Bug 72041 - [cam] [hang] Deadlock when disk is destroyed while user process closes
Summary: [cam] [hang] Deadlock when disk is destroyed while user process closes
Status: Closed Overcome By Events
Alias: None
Product: Base System
Classification: Unclassified
Component: kern (show other bugs)
Version: 5.2.1-RELEASE
Hardware: Any Any
: Normal Affects Only Me
Assignee: freebsd-bugs (Nobody)
URL:
Keywords:
Depends on:
Blocks:
 
Reported: 2004-09-23 19:30 UTC by Brian Eng
Modified: 2018-05-21 07:34 UTC (History)
0 users

See Also:


Attachments

Note You need to log in before you can comment on or make changes to this bug.
Description Brian Eng 2004-09-23 19:30:27 UTC
The deadlock is between the geom code and the cam code.  It occurred when a fibre channel cable was removed when a user process was still accessing a disk through it.  

The system is set up to do a 'camcontrol rescan' upon indication from the HBA driver that the storage devices in the system may have changed.  'camcontrol rescan' triggers a succession of SCSI commands that are driven by the cambio/camisr() software interrupt.  When the cable was unplugged, this led to cambio calling disk_destroy() on the disks that were now lost.  disk_destroy() led to an attempt to acquire topology_lock() in the g_event thread.

Meanwhile, the user app (dd) received an I/O error and closed the device.  This led to a call to g_dev_close(), which acquired topology_lock() and then went down to daclose(), which sent a SCSI SYNC_CACHE command and waited for the command to complete.
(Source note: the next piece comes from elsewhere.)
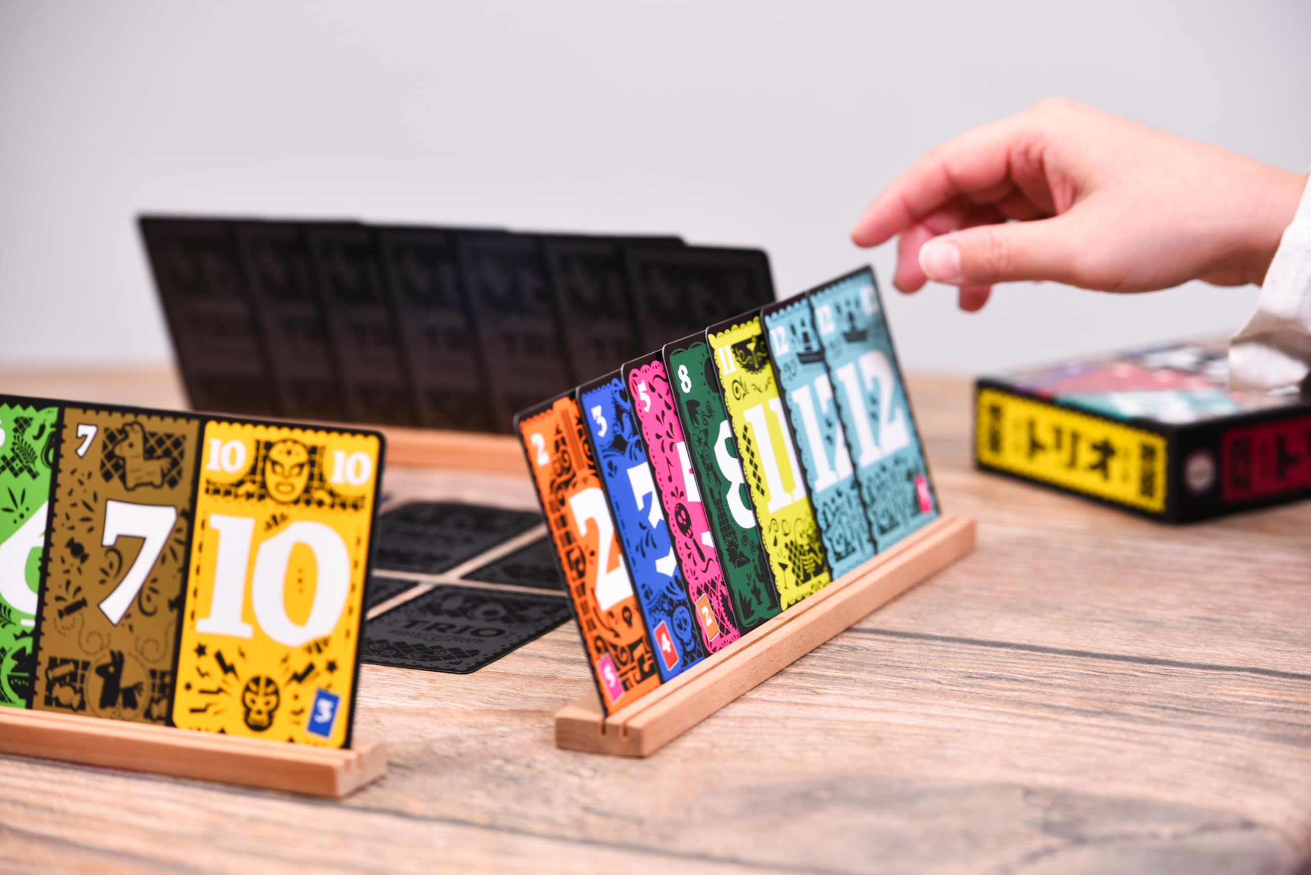 高級材として知られるマホガニー製のカードスタンドです。280mmの長さは一般的な正方形サイズのボードゲーム箱にちょうど収まるサイズです。一般的な木材に比べ比重が高く、薄型の設計としたため、カードが倒れにくく安定しています。 また、カードを立てる溝は2列用意あり、たくさんのカードを並べることが可能です。

The SYNC_CACHE command completes, but the syscall is never told by cambio, which is frozen waiting for the lock that the syscall is holding.

Fix: 

One perspective on this is that cambio inverted the layers; normally, geom code calls cam code, but in the 'camcontrol rescan' case, cam code calls geom code, resulting in locks being taken in opposite order.  Perhaps disk_destroy could just queue to g_event and not wait for completion.
How-To-Repeat: Do 'camcontrol rescan' either continuously or upon driver notification of changes.  Set up a bunch of processes (I was using 'dd') to read a removable disk, then remove it while the processes are running.

There may also be a scenario with disk_create.
Comment 1 Poul-Henning Kamp 2004-09-23 19:48:58 UTC
In message <200409231827.i8NIR3TK071354@www.freebsd.org>, Brian Eng writes:

>One perspective on this is that cambio inverted the layers; normally,
>geom code calls cam code, but in the 'camcontrol rescan' case, cam
>code calls geom code, resulting in locks being taken in opposite
>order.  Perhaps disk_destroy could just queue to g_event and not
>wait for completion.

A lot of the trouble in this area comes from the fact that the disk_*()
api has to isolate giant free code from giant infected code.

There are no easy fixes to currently remaining problems, they will take
serious work to fix.

I know there is some work on CAM going on behind the scenes and hopefully
they will take this sort of thing into account.

-- 
Poul-Henning Kamp       | UNIX since Zilog Zeus 3.20
phk@FreeBSD.ORG         | TCP/IP since RFC 956
FreeBSD committer       | BSD since 4.3-tahoe    
Never attribute to malice what can adequately be explained by incompetence.
Comment 2 Mark Linimon freebsd_committer freebsd_triage 2005-10-24 10:38:26 UTC
State Changed
From-To: open->suspended

Mark suspended as there do not seem to be any quick fixes forthcoming.
Comment 3 Eitan Adler freebsd_committer freebsd_triage 2018-05-20 23:57:14 UTC
For bugs matching the following conditions:
- Status == In Progress
- Assignee == "bugs@FreeBSD.org"
- Last Modified Year <= 2017

Do
- Set Status to "Open"
Comment 4 Andriy Gapon freebsd_committer freebsd_triage 2018-05-21 07:34:29 UTC
Haven't seen any issues like this in a long time.